▶ _Data extracts_

=====

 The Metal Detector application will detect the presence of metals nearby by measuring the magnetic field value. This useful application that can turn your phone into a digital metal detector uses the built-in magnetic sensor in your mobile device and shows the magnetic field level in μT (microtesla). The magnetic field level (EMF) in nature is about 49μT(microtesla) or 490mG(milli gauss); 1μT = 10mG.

=====

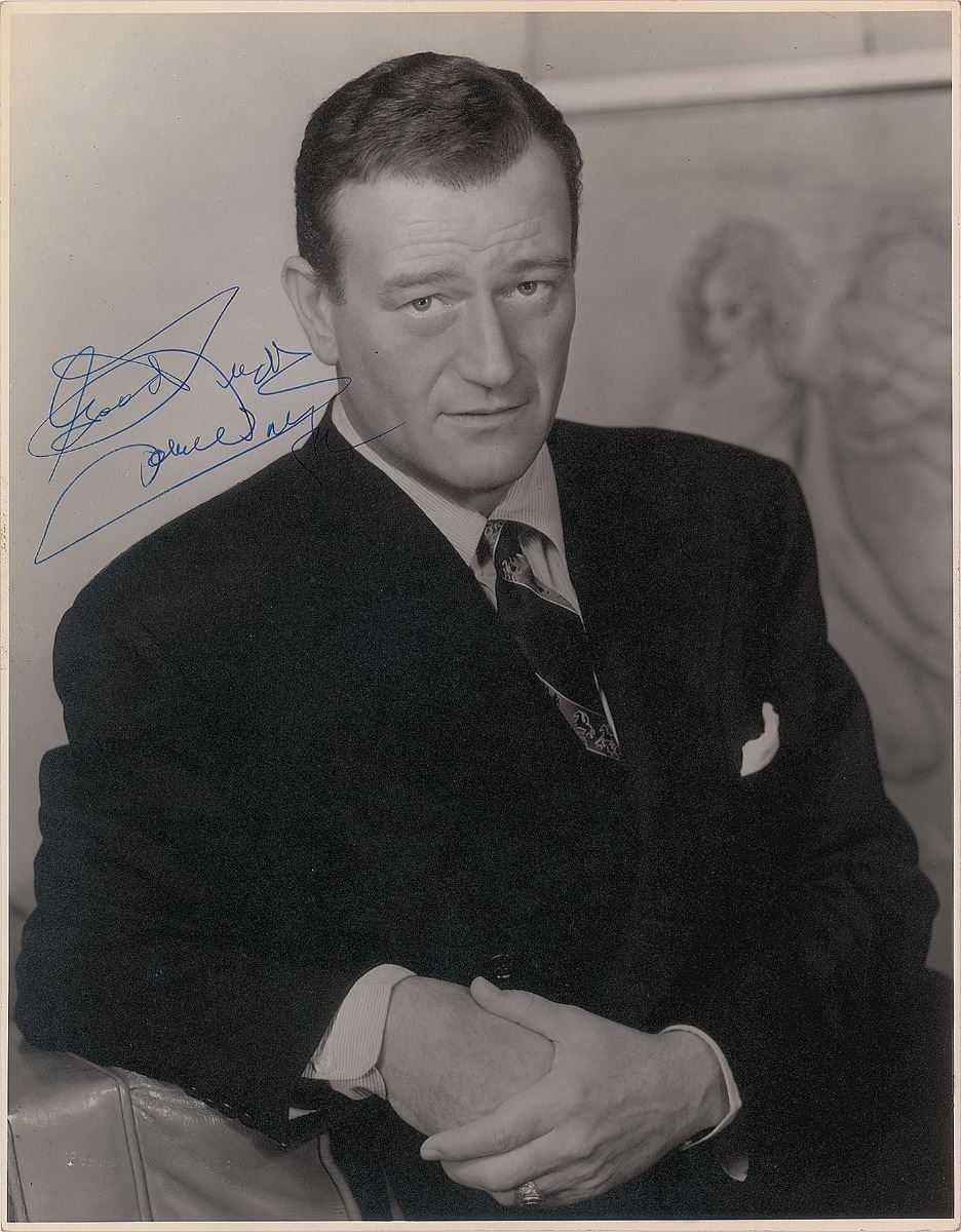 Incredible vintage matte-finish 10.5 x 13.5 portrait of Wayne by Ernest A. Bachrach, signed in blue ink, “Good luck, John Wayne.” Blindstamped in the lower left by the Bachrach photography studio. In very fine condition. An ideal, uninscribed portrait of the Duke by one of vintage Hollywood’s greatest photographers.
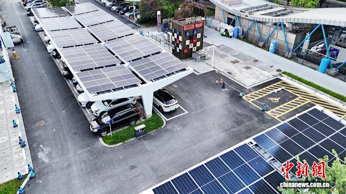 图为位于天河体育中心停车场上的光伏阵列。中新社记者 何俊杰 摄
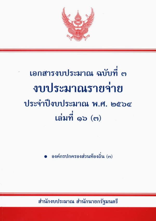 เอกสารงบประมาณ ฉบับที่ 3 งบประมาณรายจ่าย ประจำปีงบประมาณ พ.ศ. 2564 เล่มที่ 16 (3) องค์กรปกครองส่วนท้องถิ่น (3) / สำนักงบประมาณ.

=====

▶ _Task details_
The lines to reproduce run from the one above containing "Incredible vintage matte-finish" through the one containing "เอกสารงบประมาณ ฉบับที่ 3". Copy them exactly and leave out all pictures.

▶ _Written response_
 Incredible vintage matte-finish 10.5 x 13.5 portrait of Wayne by Ernest A. Bachrach, signed in blue ink, “Good luck, John Wayne.” Blindstamped in the lower left by the Bachrach photography studio. In very fine condition. An ideal, uninscribed portrait of the Duke by one of vintage Hollywood’s greatest photographers.
 图为位于天河体育中心停车场上的光伏阵列。中新社记者 何俊杰 摄
 เอกสารงบประมาณ ฉบับที่ 3 งบประมาณรายจ่าย ประจำปีงบประมาณ พ.ศ. 2564 เล่มที่ 16 (3) องค์กรปกครองส่วนท้องถิ่น (3) / สำนักงบประมาณ.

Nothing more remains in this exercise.